• _What to do_: From the line containing "Black Cat atop" down to the last line of the records below, restate each line word for word and leave out the rest.

• _Records provided_:

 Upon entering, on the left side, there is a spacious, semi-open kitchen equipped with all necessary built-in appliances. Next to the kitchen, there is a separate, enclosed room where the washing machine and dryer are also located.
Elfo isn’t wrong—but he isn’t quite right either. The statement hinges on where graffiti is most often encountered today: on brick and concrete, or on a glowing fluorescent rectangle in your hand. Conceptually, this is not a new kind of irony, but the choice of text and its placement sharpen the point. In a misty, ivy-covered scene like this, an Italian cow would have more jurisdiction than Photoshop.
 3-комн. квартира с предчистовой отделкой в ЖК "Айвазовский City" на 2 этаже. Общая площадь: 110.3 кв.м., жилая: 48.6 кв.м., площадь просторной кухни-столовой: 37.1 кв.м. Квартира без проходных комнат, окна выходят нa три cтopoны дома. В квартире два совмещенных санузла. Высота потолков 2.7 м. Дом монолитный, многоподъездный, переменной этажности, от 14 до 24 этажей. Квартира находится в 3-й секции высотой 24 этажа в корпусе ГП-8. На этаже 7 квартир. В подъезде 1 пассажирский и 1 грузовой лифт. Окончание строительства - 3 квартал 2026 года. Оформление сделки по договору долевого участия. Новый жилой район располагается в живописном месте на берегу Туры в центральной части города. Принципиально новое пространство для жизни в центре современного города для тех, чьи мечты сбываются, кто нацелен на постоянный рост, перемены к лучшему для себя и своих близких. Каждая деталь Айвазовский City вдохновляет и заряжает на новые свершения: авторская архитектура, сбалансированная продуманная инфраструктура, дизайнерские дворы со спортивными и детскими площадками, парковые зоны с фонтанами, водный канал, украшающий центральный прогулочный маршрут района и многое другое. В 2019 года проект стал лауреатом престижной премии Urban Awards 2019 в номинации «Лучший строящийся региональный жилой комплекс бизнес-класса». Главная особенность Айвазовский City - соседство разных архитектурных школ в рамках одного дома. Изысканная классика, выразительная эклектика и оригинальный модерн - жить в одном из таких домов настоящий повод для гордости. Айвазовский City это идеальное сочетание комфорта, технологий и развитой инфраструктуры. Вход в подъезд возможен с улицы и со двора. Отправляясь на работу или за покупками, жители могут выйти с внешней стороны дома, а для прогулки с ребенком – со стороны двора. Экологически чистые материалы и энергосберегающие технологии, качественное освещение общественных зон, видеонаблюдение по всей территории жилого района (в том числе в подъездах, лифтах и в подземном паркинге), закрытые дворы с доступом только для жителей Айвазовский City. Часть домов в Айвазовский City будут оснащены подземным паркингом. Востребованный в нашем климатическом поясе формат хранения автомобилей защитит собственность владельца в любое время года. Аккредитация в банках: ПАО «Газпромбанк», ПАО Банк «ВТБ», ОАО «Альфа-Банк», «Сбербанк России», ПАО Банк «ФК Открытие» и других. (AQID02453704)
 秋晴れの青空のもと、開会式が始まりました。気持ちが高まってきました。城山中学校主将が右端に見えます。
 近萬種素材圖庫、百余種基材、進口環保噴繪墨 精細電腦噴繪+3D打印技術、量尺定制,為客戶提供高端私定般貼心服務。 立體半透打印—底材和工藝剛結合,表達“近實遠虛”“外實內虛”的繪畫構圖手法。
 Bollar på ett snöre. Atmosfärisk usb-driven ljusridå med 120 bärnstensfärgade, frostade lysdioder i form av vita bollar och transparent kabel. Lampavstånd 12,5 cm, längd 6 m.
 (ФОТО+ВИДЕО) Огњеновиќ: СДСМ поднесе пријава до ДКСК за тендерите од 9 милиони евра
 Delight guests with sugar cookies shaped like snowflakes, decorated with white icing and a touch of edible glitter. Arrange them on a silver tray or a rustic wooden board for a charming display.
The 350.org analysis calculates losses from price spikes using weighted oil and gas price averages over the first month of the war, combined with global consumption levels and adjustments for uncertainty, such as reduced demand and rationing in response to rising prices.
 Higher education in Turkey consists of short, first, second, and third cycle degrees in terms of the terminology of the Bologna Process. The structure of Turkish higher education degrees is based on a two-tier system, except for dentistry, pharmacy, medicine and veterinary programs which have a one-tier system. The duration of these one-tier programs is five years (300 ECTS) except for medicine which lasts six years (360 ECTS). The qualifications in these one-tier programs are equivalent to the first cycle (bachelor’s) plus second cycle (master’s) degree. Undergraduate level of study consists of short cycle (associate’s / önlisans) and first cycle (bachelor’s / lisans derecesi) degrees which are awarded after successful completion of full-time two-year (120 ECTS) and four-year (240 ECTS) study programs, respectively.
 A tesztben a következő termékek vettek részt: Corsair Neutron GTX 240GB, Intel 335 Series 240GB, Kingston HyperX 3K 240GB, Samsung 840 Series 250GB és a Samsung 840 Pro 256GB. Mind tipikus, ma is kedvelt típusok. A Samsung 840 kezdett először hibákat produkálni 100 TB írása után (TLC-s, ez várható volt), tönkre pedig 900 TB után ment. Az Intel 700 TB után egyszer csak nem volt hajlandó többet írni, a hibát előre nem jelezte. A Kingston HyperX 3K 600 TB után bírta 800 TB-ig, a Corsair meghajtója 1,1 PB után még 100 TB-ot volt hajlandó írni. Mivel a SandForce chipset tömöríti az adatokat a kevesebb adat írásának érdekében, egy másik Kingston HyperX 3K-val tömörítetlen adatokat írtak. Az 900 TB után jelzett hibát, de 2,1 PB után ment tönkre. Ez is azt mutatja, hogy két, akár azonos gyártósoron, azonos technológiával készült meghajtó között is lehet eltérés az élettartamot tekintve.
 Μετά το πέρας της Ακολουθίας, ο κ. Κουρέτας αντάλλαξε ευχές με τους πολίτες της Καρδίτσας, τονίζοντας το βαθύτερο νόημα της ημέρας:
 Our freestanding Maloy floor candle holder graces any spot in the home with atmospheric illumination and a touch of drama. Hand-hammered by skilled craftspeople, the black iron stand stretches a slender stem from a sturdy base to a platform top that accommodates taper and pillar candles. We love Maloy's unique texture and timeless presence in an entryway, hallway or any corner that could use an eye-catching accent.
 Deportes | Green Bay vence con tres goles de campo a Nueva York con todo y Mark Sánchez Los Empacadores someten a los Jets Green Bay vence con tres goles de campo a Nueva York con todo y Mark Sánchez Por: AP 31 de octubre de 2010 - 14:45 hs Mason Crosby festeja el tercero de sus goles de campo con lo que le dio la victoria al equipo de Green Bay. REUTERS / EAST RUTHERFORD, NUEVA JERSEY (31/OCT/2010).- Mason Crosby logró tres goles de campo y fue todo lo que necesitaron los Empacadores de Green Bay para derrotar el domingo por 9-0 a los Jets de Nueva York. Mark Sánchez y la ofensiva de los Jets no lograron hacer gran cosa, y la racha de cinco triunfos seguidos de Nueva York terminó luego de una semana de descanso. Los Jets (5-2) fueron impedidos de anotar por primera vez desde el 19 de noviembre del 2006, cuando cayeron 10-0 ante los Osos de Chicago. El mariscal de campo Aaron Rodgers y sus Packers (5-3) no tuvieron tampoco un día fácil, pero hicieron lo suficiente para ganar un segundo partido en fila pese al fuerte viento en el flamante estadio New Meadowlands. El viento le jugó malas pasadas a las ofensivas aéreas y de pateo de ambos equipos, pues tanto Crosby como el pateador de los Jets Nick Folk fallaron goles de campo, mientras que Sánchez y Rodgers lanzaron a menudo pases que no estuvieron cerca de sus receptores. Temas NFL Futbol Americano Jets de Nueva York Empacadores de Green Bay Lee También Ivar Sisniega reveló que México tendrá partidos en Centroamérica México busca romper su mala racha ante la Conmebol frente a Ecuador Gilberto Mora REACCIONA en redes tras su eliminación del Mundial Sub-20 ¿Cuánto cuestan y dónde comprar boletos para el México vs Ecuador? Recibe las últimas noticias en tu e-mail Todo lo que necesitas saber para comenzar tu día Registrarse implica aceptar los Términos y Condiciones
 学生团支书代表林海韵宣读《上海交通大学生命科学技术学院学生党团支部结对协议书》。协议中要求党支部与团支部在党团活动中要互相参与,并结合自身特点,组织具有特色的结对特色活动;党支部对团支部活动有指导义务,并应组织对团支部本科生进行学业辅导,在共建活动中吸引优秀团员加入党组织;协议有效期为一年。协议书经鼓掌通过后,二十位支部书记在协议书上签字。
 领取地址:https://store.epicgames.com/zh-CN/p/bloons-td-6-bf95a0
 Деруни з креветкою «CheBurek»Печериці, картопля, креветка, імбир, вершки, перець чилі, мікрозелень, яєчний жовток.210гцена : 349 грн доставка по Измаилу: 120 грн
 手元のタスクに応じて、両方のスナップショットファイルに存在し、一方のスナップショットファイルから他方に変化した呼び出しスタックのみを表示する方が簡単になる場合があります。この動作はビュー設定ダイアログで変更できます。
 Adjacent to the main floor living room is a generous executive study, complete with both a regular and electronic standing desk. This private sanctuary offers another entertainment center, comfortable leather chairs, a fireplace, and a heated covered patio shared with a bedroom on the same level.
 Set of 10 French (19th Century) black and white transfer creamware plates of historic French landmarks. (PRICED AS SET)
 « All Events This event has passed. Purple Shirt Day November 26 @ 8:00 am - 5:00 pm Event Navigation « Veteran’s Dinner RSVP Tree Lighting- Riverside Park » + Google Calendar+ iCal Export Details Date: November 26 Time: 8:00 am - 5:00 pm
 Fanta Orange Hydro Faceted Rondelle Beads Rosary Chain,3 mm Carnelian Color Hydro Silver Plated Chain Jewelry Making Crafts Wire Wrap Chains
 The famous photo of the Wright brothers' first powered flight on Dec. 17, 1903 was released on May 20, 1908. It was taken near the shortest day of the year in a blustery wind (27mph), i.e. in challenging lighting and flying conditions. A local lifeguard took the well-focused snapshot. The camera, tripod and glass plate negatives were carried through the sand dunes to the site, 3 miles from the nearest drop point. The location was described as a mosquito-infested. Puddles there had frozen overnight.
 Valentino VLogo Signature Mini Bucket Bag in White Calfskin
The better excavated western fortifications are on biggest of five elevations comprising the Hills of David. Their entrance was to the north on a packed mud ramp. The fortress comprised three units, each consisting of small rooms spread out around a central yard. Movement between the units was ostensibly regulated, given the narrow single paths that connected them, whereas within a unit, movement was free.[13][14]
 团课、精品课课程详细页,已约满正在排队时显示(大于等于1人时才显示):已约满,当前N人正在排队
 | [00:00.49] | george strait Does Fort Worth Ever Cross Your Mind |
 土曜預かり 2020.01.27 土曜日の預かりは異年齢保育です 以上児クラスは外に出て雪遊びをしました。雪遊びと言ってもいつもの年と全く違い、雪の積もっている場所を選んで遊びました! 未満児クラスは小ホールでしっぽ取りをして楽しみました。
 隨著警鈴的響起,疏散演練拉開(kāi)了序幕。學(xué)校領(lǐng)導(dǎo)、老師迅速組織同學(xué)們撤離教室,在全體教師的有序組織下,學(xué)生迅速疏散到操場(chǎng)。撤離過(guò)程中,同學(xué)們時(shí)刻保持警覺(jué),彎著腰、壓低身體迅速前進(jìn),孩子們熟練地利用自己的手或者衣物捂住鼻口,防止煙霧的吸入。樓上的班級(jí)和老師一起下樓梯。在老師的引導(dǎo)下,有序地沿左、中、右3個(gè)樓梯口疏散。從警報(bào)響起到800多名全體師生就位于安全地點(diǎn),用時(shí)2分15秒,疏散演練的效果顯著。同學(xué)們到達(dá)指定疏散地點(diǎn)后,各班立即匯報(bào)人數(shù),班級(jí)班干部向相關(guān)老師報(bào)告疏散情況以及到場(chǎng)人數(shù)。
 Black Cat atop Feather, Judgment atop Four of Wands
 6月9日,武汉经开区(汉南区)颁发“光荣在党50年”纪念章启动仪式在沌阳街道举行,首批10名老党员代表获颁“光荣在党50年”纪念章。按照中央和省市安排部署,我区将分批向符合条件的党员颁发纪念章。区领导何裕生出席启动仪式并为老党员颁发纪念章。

• _Written reply_:
 Black Cat atop Feather, Judgment atop Four of Wands
 6月9日,武汉经开区(汉南区)颁发“光荣在党50年”纪念章启动仪式在沌阳街道举行,首批10名老党员代表获颁“光荣在党50年”纪念章。按照中央和省市安排部署,我区将分批向符合条件的党员颁发纪念章。区领导何裕生出席启动仪式并为老党员颁发纪念章。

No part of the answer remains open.